Awareness is not even the first step. It is just new eyes with which to see, or maybe a view unobstructed by a log. Where am I whitewashing? When I hear the sweeping generalization of “Black Lives Matter,” my impulse to say “All Lives Matter” and “Blue Lives Matter” is revealed my true comfort. That’s because reasoning into the weeds perpetuates my white-world comfort. Other impulses are carried in that breeze, such as the fear over looted businesses and an appeal to uniformed law and order for help. But the very way that particular law has been ordered is racist, for it targets and oppresses people of color. Victimizing oppressors is a whitewashed tactic, summoned to secure my white-world comfort. So awareness is no more than a prerequisite to consciousness. A white-world awareness may mean we begin to realize that white-world comfort rests on the backs of a world of color. Any king of any hill does well to realize whence sustenance comes, as the wisdom teacher says: “If you see oppression of the poor and perversion of justice and righteousness in the province, don’t be astonished at the situation, because one official protects another official, and higher officials protect them. The profit from the land is taken by all; the king is served by the field” (Ecclesiastes 5:8-9).

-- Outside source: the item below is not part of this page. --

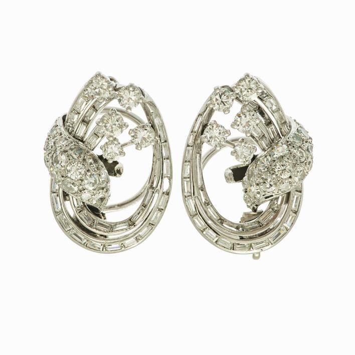 423. Paire de clips d'oreilles circulaires sertis de diamants taille brillant et taille baguette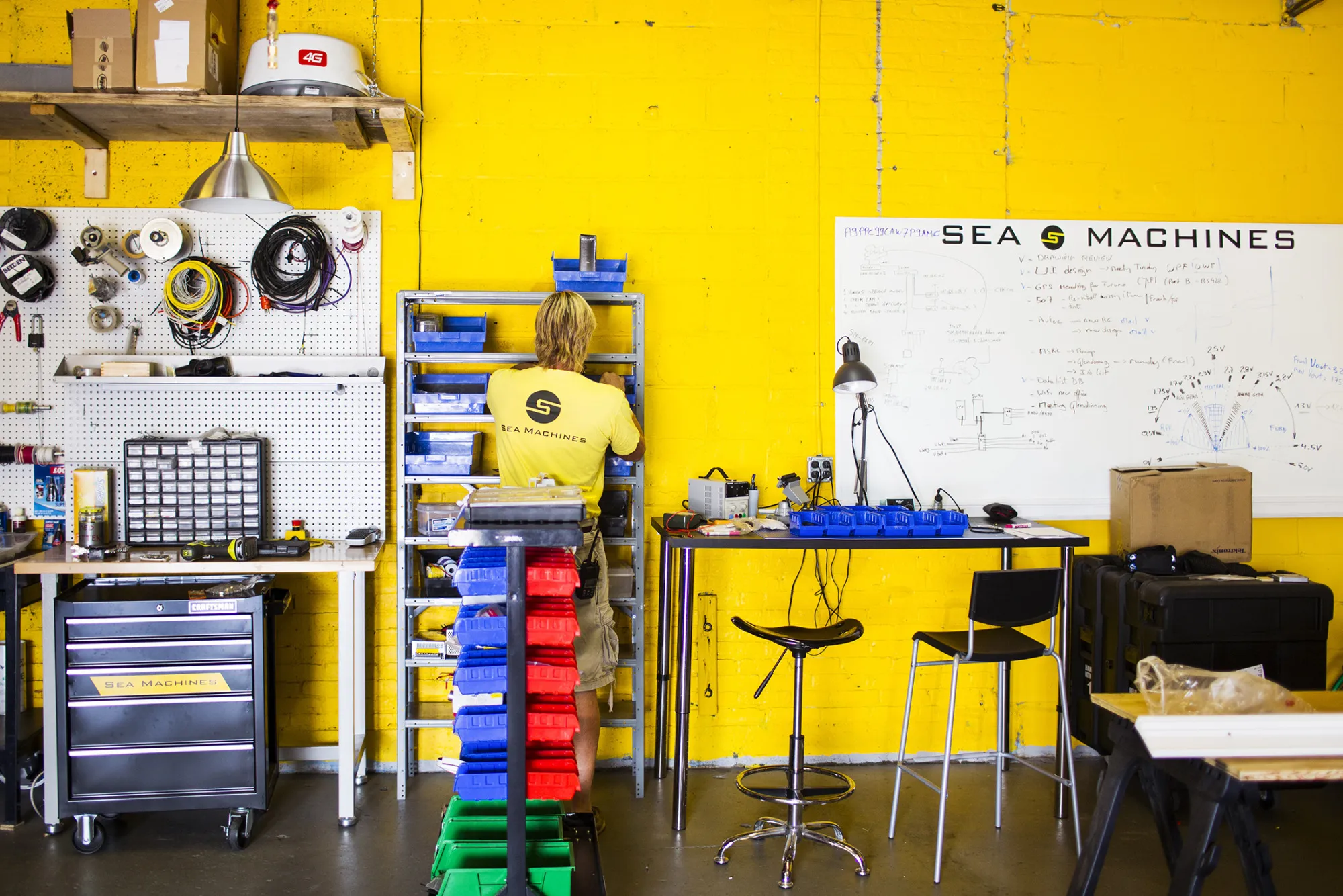 Sea Machines在波士顿港船厂和码头的工作空间。摄影师:亚当·格兰茨曼,彭博社当Marino和Ibn Seddik将Steadfast驶回码头时,另一位机器人船培训师迈克尔·本杰明驶过他们身边。本杰明是麻省理工学院的研究科学家,他在当地水域经常出现。他的海洋自主项目是该校机械工程和计算机科学系的联合努力,成为波士顿蓬勃发展的自动驾驶船场景的一种平衡。本杰明帮助工程师在初创公司找到工作,并运行一个对许多自主海洋车辆至关重要的开源软件项目。

It appears of late that the long-sent laborers of color have indeed become fishers of people, catching in their nets a whole field white with harvest. A new Reformation creating new Protestants has germinated and sprouted in city after city, spreading the world over.
I, too, feel caught in this apocalyptic God-net, wondering how to move forward. So I reflect by translating some of Psalm 31:
In thee, Yahweh, I run for cover
never shame in your righteousness
No longer will I only respect those who stand for those who have fallen for America, but I will also respect those who kneel for those who have fallen because of her.
Get me out of this
bend your ear to me quickly
pluck me out
be for me an immovable rock
make for me a home in your capturing net
the confines within which I can move freely
for you are a rock perfect for shelter
and a capturing net to me
for your name, keep your guidance flowing
pull me out of the net set to trap me
My call is to the gospel of Jesus Christ, who taught us to pray with faith through trials. My whitewashed spirit has been tried – weighed and measured – and is found wanting. For it is trapped in a net set by whitewashed comforts.
for you are my immovableness
I give you charge of my spirit
in your hands
you cut me loose, Yahweh,
sound God that you are
But I taste a hint of repentance in a new mind, one not conforming to the comforts of my white world. Lord, I believe. Help my unbelief.
MIKE SEARS is pastor of New Kirk Presbyterian Church in Blythewood, South Carolina, and part-time chaplain at Laurel Crest Retirement Community in West Columbia, South Carolina.